Dropping every picture, set down exactly the lines in the entries below, starting with the line with "The Monogram Messenger" and going on through the line with "O quadro clínico".

━━ PROVIDED INFORMATION

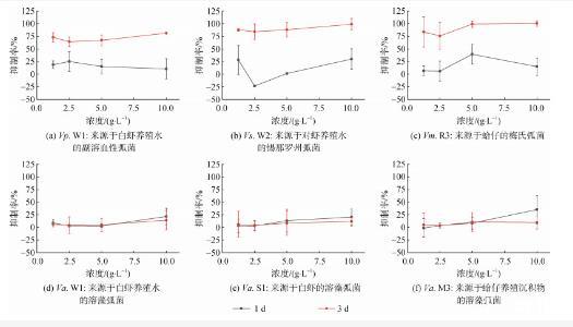 由上述生长曲线可知,各弧菌生长进入稳定期至少需要8 h,且对照组在16~24 h处于增长状态,因此在12 h计算各弧菌抑制率如图3。裂片石莼水培液对各弧菌具有不同的抑制作用,Vp.W1、Vs.W2和Vm.R3在1.25~10 g/L的裂片石莼水培液培养1 d时的抑制率范围为1.32%~39.42%,但在培养3 d时抑制率处于64%~100%,且10 g/L处理组抑制率达80%以上,显著高于第1 d(10.37%~30.06%)(P<0.05)。其中,培养1 d时低密度(2.5 g/L)的水培液对Vs.W2没有抑制作用,对溶藻弧菌抑制率均不超过35%,且培养1 d和3 d的抑制效果差异不显著。
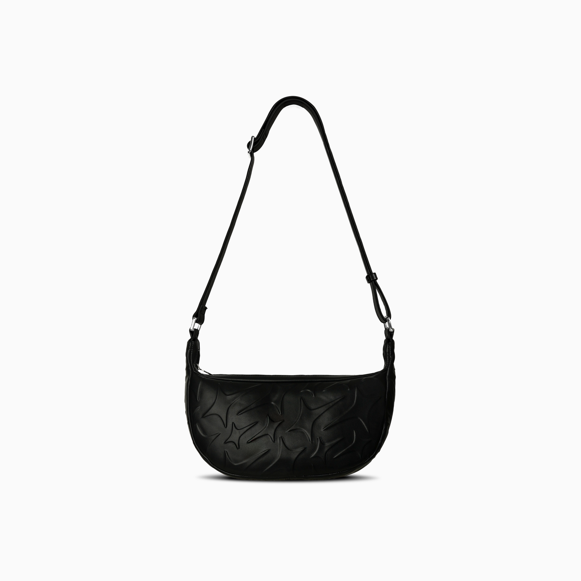 The Monogram Messenger Bag, crafted in black faux leather, revisits an urban essential with a sophisticated and bold design. More spacious (35 x 20 x 9 cm), it combines practicality and aesthetics thanks to its adjustable shoulder strap and functional interior. Its style is enhanced by the embossed Make It Shine monogram, which creates a unique relief, and by the 3 cm metallic logo set with moissanite stones, for an extra touch of character.
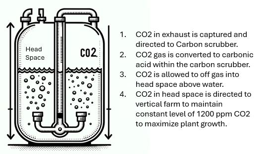 A groundbreaking technology has been developed to scrub CO2 from the exhaust stack by converting it into carbonic acid in a sealed tank half filled with water. This process involves directing the CO2-laden exhaust into the tank, where it dissolves in water to form carbonic
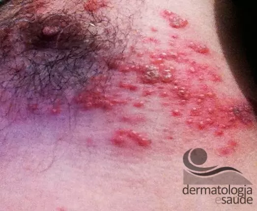 O quadro clínico do herpes zoster é caracterizado por começar, geralmente, com uma queixa de formigamento, alteração da sensibilidade ou até mesmo dor intensa em uma área delimitada da pele. Posteriormente surgem as lesões, que são vesículas agrupadas, seguindo um “caminho” bem definido na pele, chamado dermátomo. Raramente essas lesões atravessam de “um lado para o outro” do corpo.
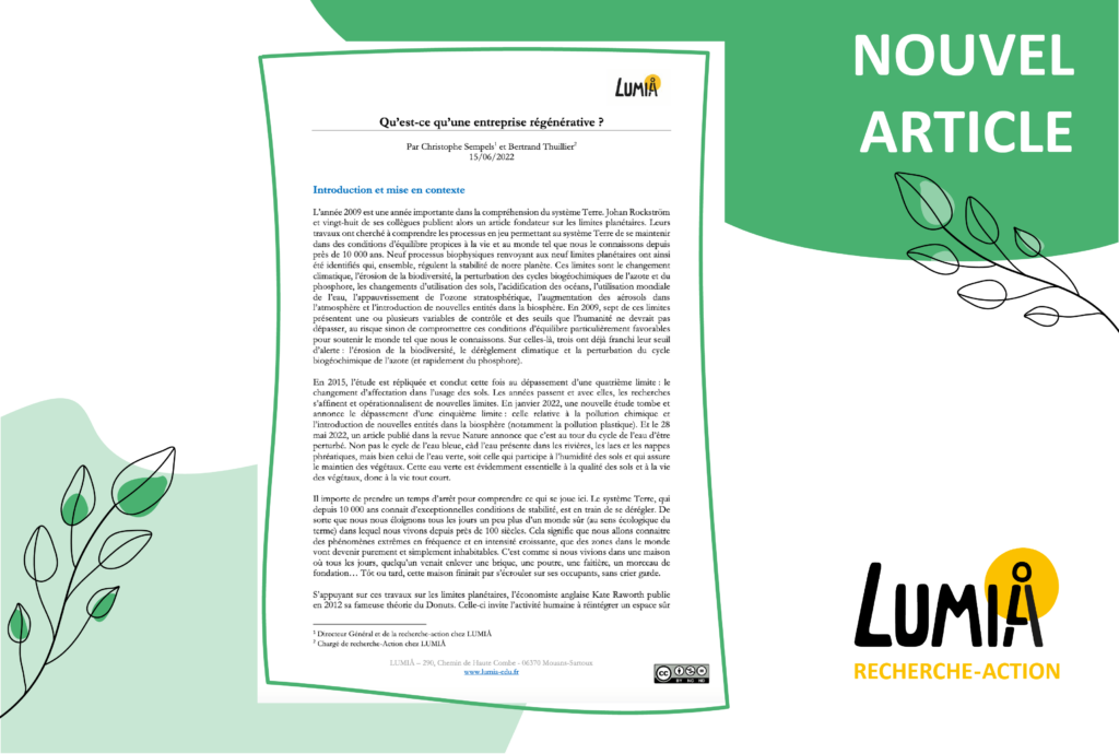 La régénération socio-écologique est une révolution pour l’humanité et ses institutions et organisations, dont l’entreprise. Car au-delà de générer des impacts positifs nets pour les écosystèmes et la société, il s’agit de repenser de manière profonde le rapport que nous entretenons avec le vivant sous toutes ses formes dans une logique symbiotique et co-évolutive.

━━━━

== FINISHED EXERCISE ==
 The Monogram Messenger Bag, crafted in black faux leather, revisits an urban essential with a sophisticated and bold design. More spacious (35 x 20 x 9 cm), it combines practicality and aesthetics thanks to its adjustable shoulder strap and functional interior. Its style is enhanced by the embossed Make It Shine monogram, which creates a unique relief, and by the 3 cm metallic logo set with moissanite stones, for an extra touch of character.
 A groundbreaking technology has been developed to scrub CO2 from the exhaust stack by converting it into carbonic acid in a sealed tank half filled with water. This process involves directing the CO2-laden exhaust into the tank, where it dissolves in water to form carbonic
 O quadro clínico do herpes zoster é caracterizado por começar, geralmente, com uma queixa de formigamento, alteração da sensibilidade ou até mesmo dor intensa em uma área delimitada da pele. Posteriormente surgem as lesões, que são vesículas agrupadas, seguindo um “caminho” bem definido na pele, chamado dermátomo. Raramente essas lesões atravessam de “um lado para o outro” do corpo.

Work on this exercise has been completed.